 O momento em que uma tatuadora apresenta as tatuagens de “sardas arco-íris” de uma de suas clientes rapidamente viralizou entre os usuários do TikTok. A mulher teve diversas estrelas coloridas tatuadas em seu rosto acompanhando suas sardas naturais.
==
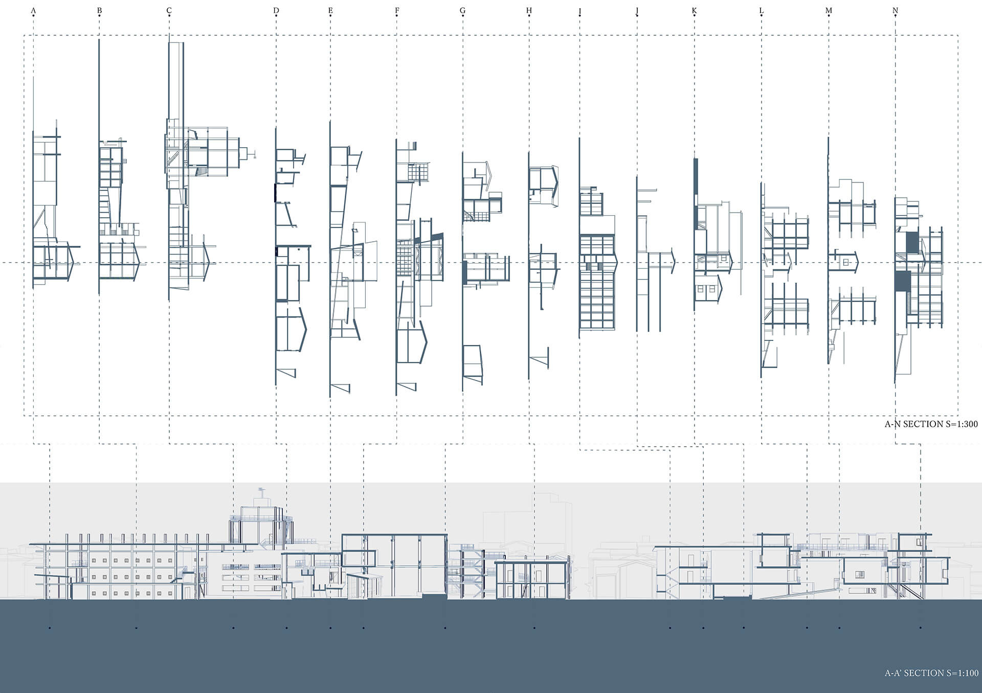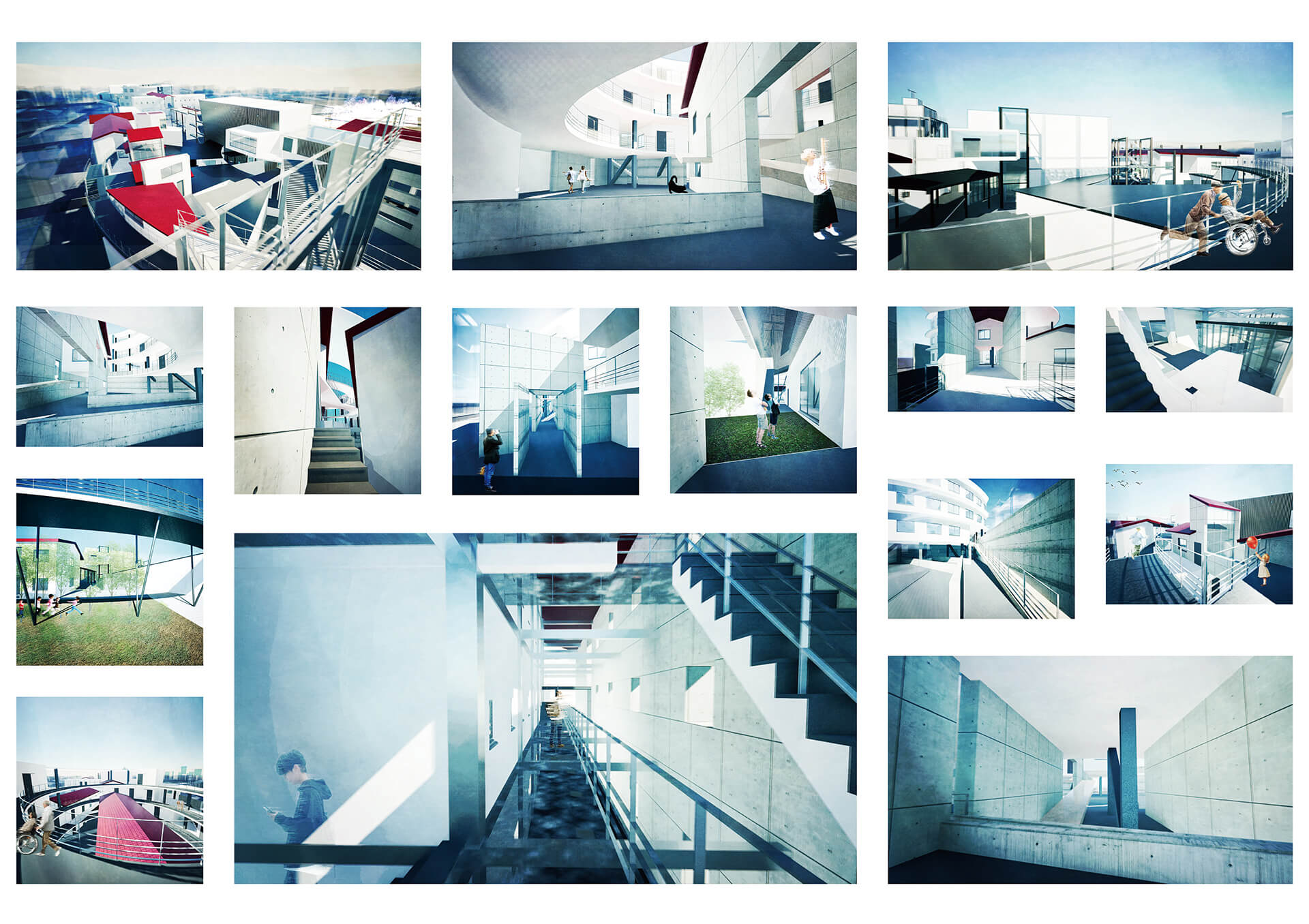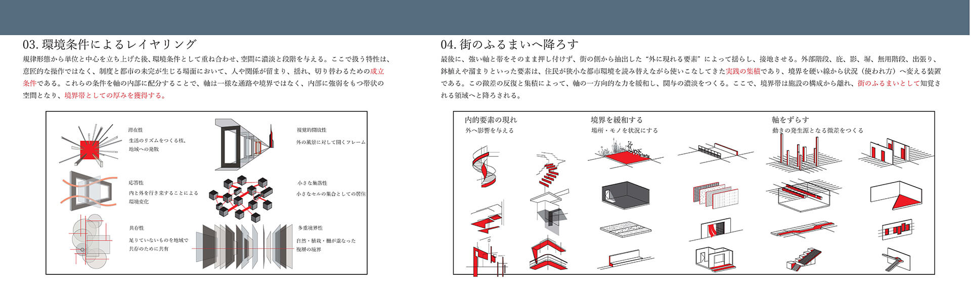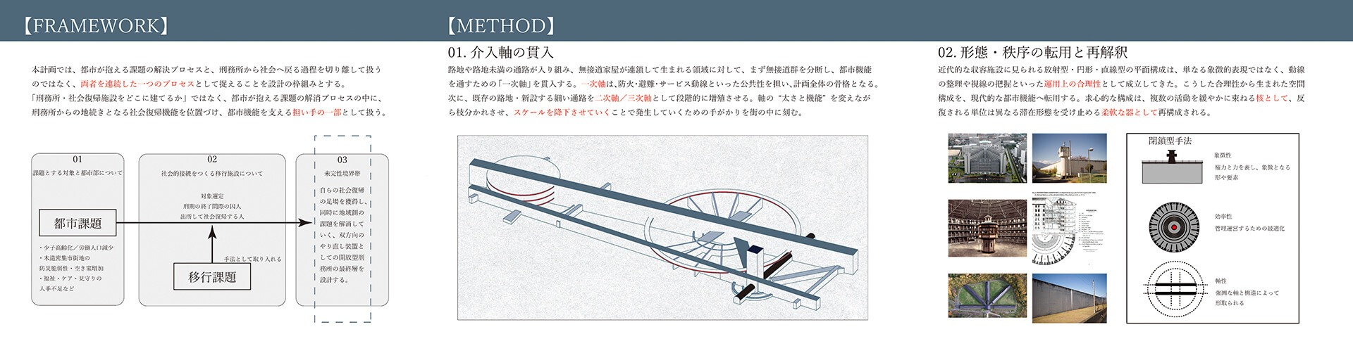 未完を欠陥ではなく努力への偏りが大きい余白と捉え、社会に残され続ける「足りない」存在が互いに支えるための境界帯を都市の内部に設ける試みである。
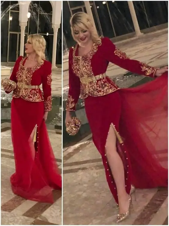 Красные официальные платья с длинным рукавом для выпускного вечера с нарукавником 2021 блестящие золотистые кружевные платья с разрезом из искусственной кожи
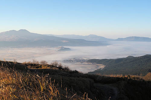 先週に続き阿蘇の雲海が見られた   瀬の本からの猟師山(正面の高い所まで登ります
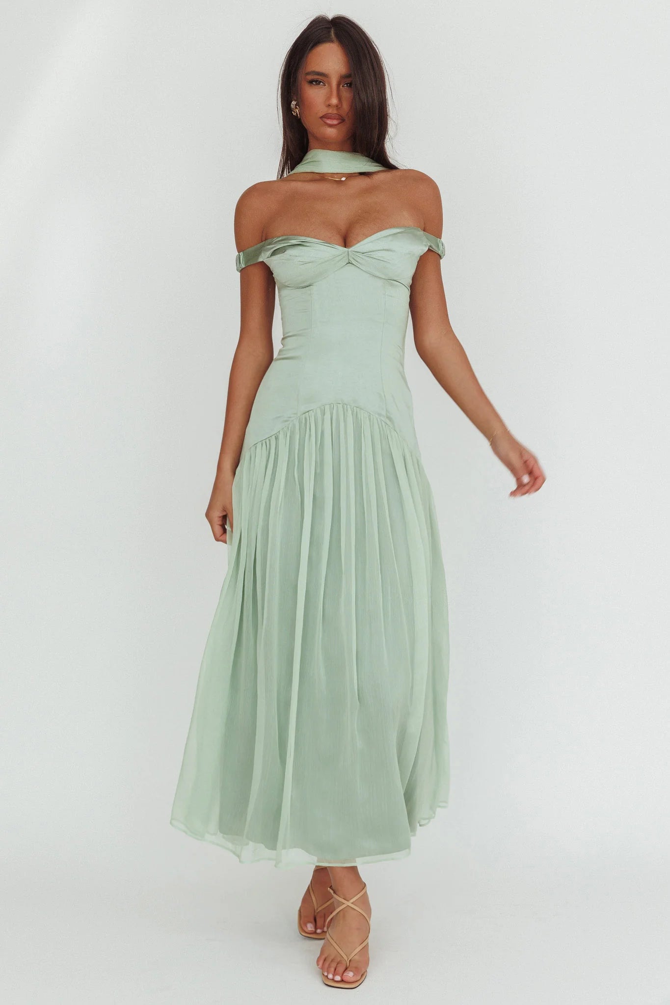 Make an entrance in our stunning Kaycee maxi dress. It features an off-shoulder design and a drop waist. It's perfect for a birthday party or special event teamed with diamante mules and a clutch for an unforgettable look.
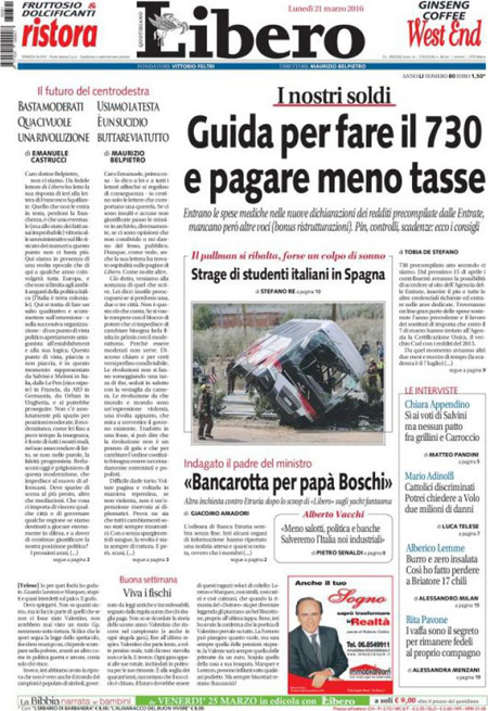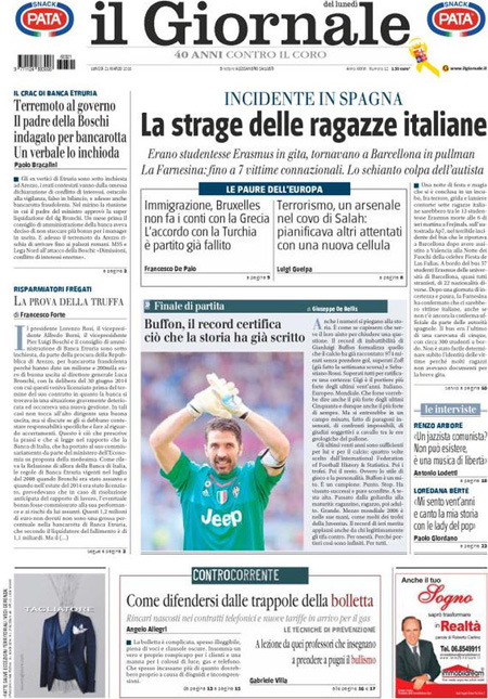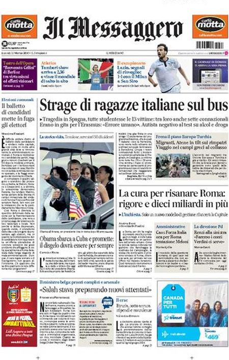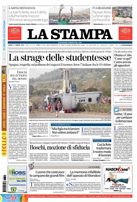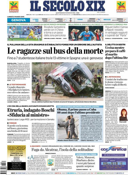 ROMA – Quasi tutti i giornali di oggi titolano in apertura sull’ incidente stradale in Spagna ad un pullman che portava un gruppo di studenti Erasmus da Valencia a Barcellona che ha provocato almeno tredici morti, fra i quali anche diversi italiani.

- **PROBLEM DETAILS**:
What you need to produce is an exact copy of the entries above, limited to the lines from the one with "Красные официальные платья" up to and including the one with "先週に続き阿蘇の雲海が見られた   瀬の本からの猟師山(正面の高い所まで登ります", without pictures.

- **YOUR SOLUTION**:
 Красные официальные платья с длинным рукавом для выпускного вечера с нарукавником 2021 блестящие золотистые кружевные платья с разрезом из искусственной кожи
 先週に続き阿蘇の雲海が見られた   瀬の本からの猟師山(正面の高い所まで登ります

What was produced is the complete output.